Bear’s Lodge, located in northwestern Wyoming, is a towering 1,280 foot monolith long considered sacred by over twenty tribes in the Plains Nation. Religious and cultural ceremonies have been performed at this site for centuries and include the Sun Dance, sweat lodge rites, vision quests, and prayer offerings. The height of ceremonial activity takes place during the month of June each year.

Tribal leaders consequently met with Park Service officials with their concerns and a compromise solution resulted. The National Park Service asked for a voluntary ban on rock climbing during the month of June so that Native practitioners could perform their sacred ceremonies without disruption.

The Access Fund, a national climbing organization, has officially endorsed the program and according to the Park Service, in 1996 and 1997, rock climbing has decreased eighty percent during the month of June. A climbing outfitter, with the backing of James Watt’s Mountain States Legal Foundation, challenged the voluntary ban as unconstitutional. The group contended that the ban violates separation of church and state, thus constituting a violation of the First Amendment Establishment Clause.

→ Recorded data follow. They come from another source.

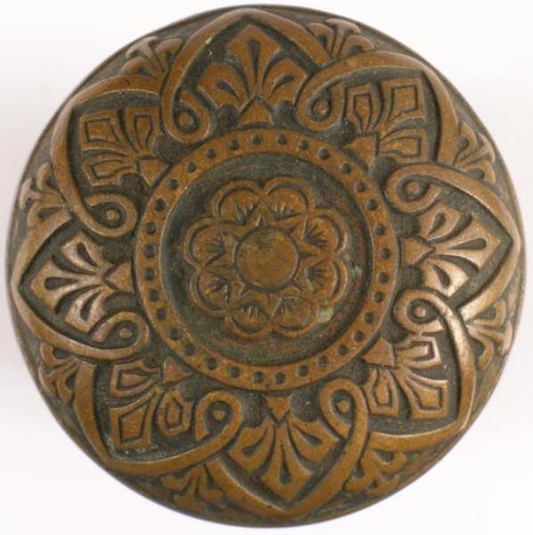 Construction: 2 part Surface Texture: Surface Color/Finish: Bronze - relieved Ornament: Cast Design Name: School: Classic Remarks: VDA Classification: Group & No: K 104 Comment: Catalog : Company Name: Russell & Erwin Date: 1899 p. 202 Material: Metal - Bronze Manufacturing Method: Cast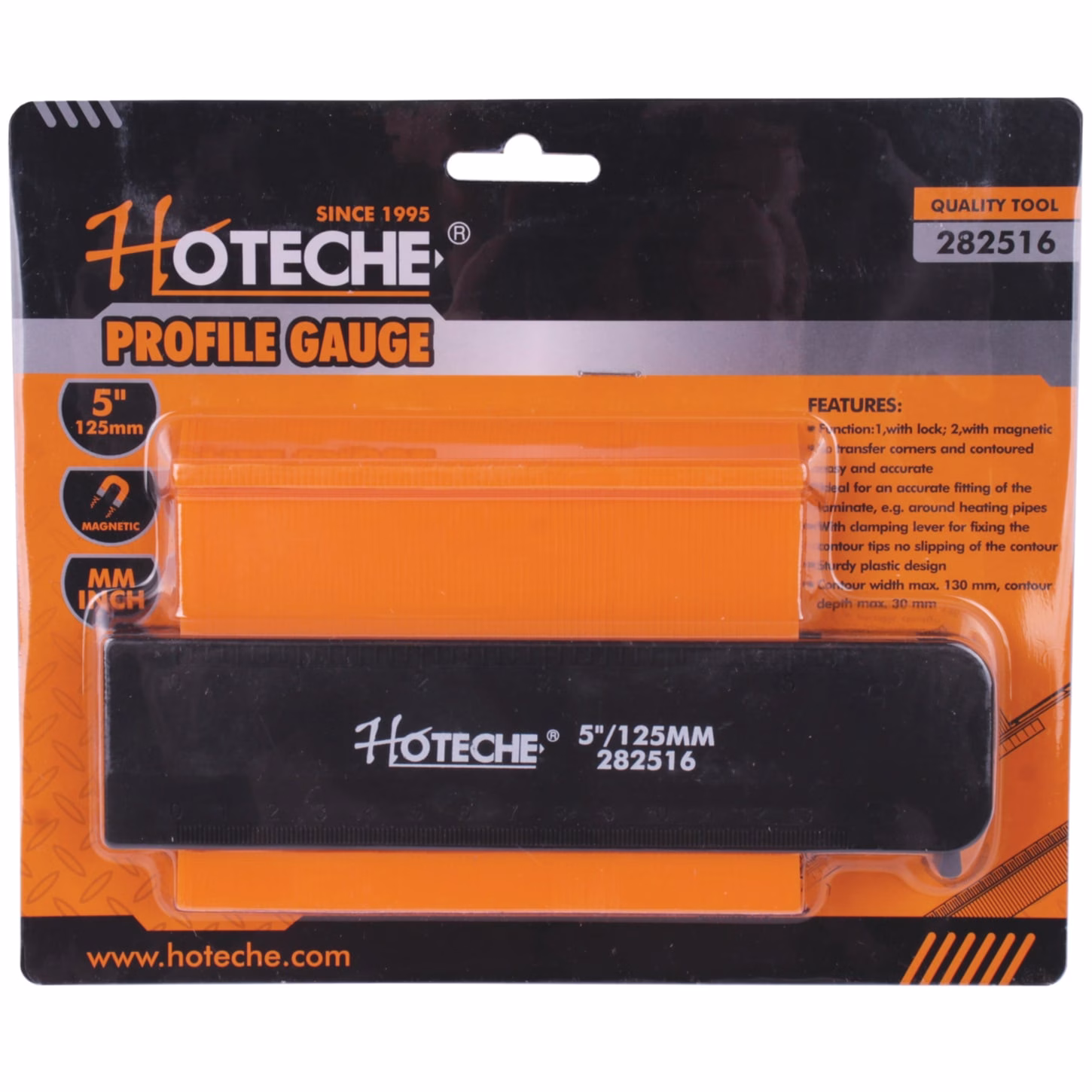 The Hoteche Profile Gauge -125mm combines durability, convenience, and accuracy in a compact and portable tool designed for precision work. Its user-friendly operation and finely engineered measuring pins ensure effortless duplication of complex shapes, making it invaluable across woodworking, tiling, flooring, and metalworking projects. With its practical size, lightweight construction, and reliable performance, this profile gauge delivers the efficiency and accuracy demanded by professionals while remaining accessible and easy to use for DIY enthusiasts. It is an essential measuring solution for anyone working with irregular surfaces.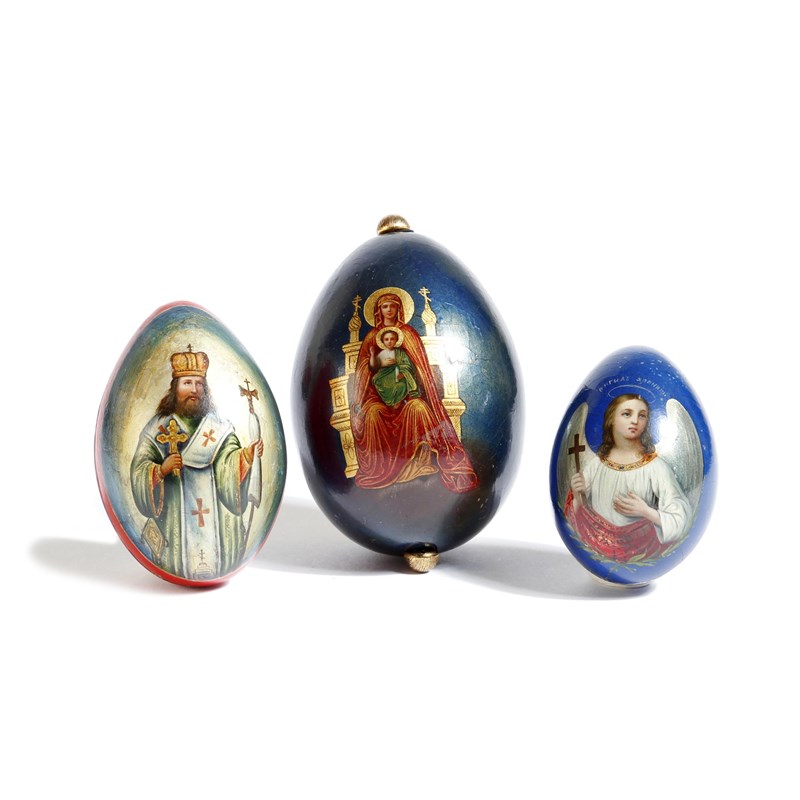 Three late 19th century Russian papier-mâché Easter eggs, comprising a gilt metal mounted example by Lukutin , painted with the Virgin & Child, the base with an Imperial Spread Eagle mark, together with a smaller Lukutin example, painted with the Angel Gabriel and flowers, in two halves and another egg painted with a bishop and the Kremlin, in two halves, 10.7cm high (max). (2)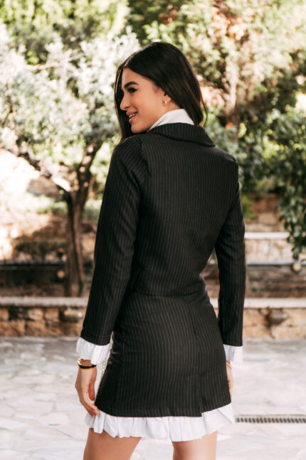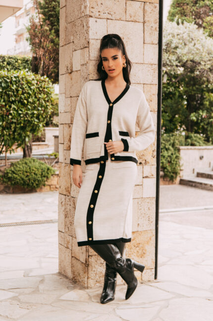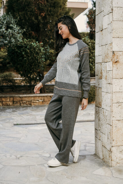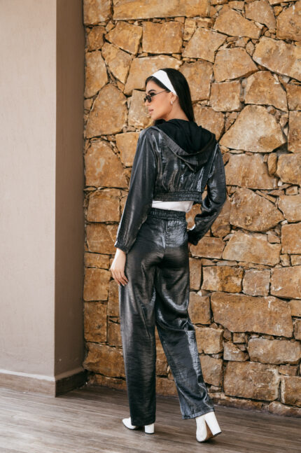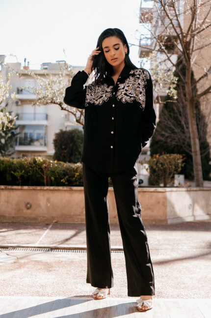 Σετ ροζ μπλούζα – σορτς, με σχέδιο λουλούδια. Η μπλούζα είναι σιθρού με μακριά μανίκια και λάστιχο στο τελείωμα. Διαθέτει V άνοιγμα με διακοσμητικό κορδόνι και εσωτερικό φανελάκι. Το σορτς είναι ψηλόμεσο με τσέπες δεξιά και αριστερά. Διαθέτει θηλύκια και εσωτερική φόδρα. Κλείνει με φερμουάρ πίσω. Ένα σετ για όλες τις ώρες της ημέρας.

On April 3, in a rare victory for sacred sites, Federal Judge William F. Downes of the U.S. District Court in Wyoming, upheld the voluntary ban on rock climbing, thereby dismissing the suit. Judge Downes ruled that “the government may (and sometimes must) accommodate religious practices and, it may do so without violating the Establishment Clause” of the First Amendment. The ruling is currently on appeal by the Mountain States Legal Foundation.